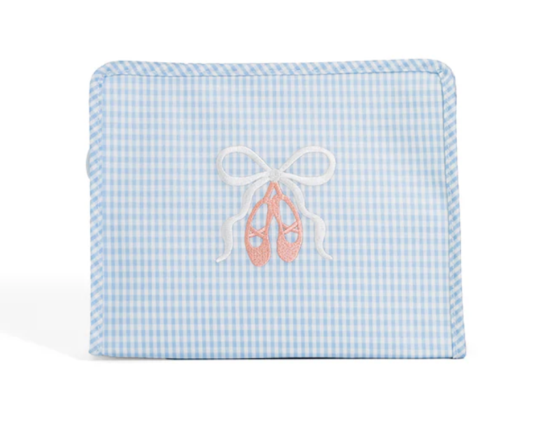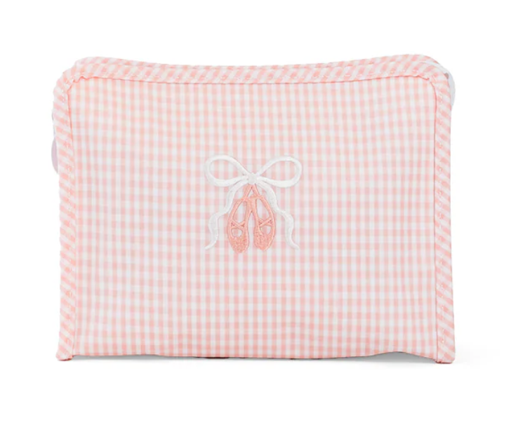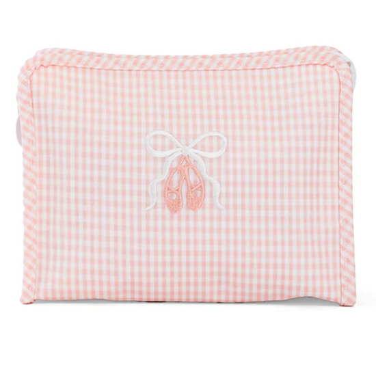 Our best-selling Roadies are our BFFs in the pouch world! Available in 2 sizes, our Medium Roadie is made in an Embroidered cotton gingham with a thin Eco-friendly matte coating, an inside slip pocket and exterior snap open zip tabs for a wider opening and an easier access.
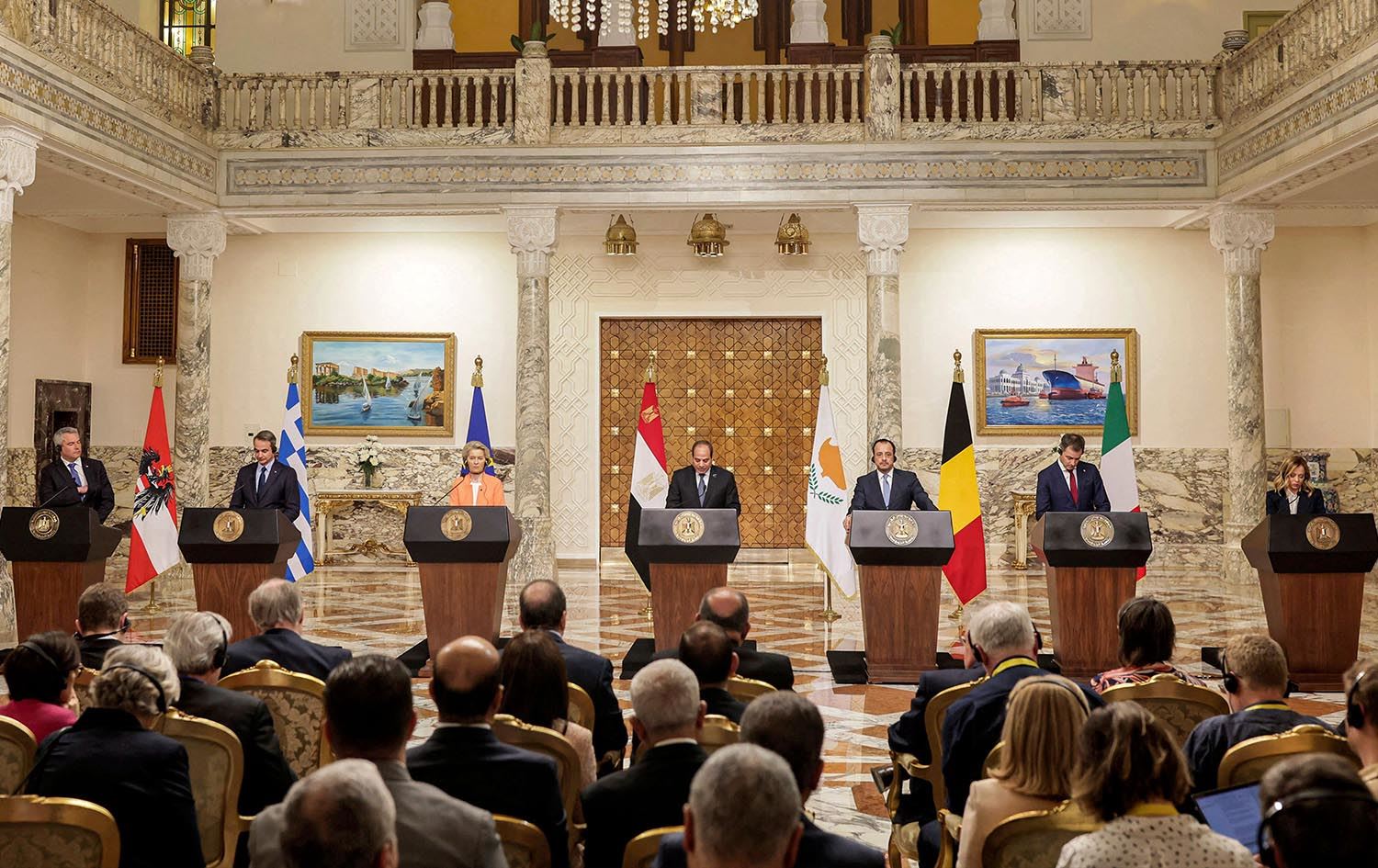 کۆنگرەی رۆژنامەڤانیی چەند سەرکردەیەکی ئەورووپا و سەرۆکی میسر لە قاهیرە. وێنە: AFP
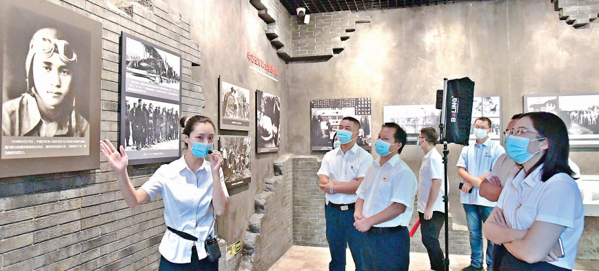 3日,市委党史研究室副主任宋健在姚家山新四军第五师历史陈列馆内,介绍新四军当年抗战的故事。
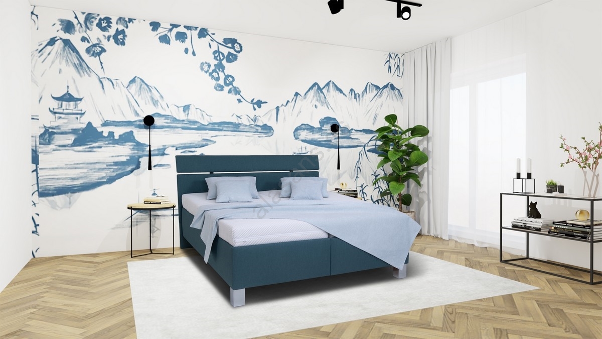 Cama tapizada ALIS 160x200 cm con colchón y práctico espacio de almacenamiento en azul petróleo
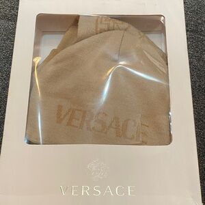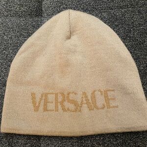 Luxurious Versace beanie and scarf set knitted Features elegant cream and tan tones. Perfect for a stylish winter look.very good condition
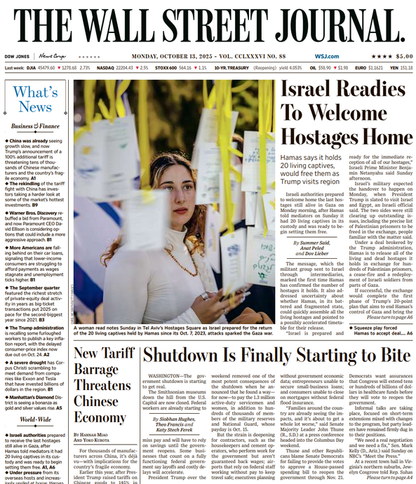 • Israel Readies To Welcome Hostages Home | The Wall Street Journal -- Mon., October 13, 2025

--

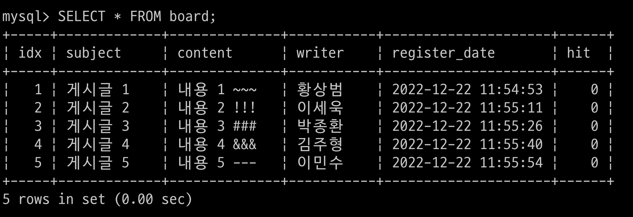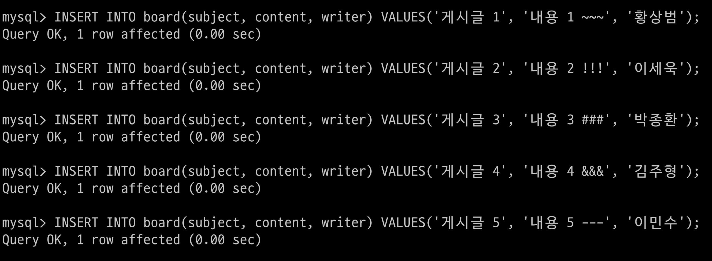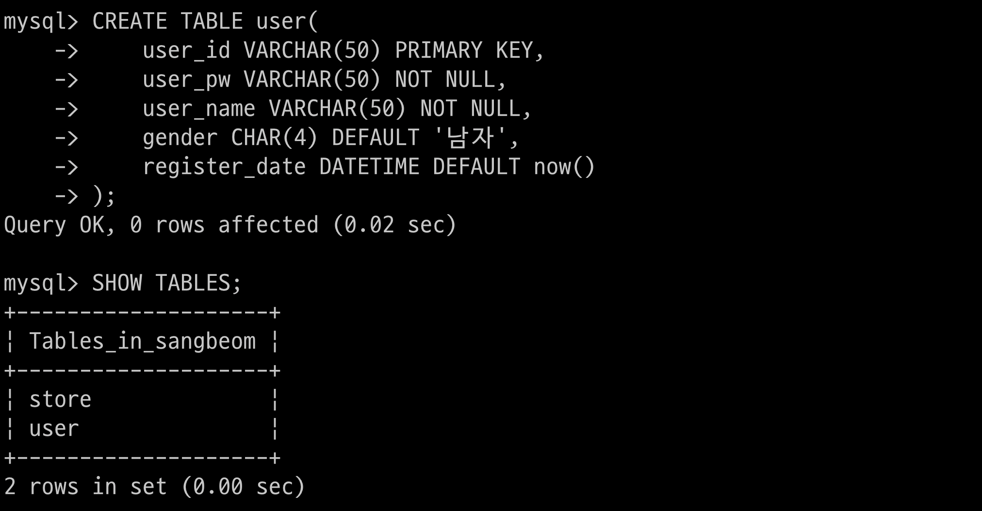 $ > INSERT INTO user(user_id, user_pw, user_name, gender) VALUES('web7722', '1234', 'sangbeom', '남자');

--

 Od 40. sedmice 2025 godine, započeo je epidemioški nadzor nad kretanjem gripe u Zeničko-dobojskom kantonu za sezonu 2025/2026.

§ AIM OF THE TASK: Without the pictures, set down the lines above from the line with "کۆنگرەی رۆژنامەڤانیی چەند" up to and including the line with "October 13, 2025" exactly as they stand.

§ ANSWER SECTION:
 کۆنگرەی رۆژنامەڤانیی چەند سەرکردەیەکی ئەورووپا و سەرۆکی میسر لە قاهیرە. وێنە: AFP
 3日,市委党史研究室副主任宋健在姚家山新四军第五师历史陈列馆内,介绍新四军当年抗战的故事。
 Cama tapizada ALIS 160x200 cm con colchón y práctico espacio de almacenamiento en azul petróleo
 Luxurious Versace beanie and scarf set knitted Features elegant cream and tan tones. Perfect for a stylish winter look.very good condition
 • Israel Readies To Welcome Hostages Home | The Wall Street Journal -- Mon., October 13, 2025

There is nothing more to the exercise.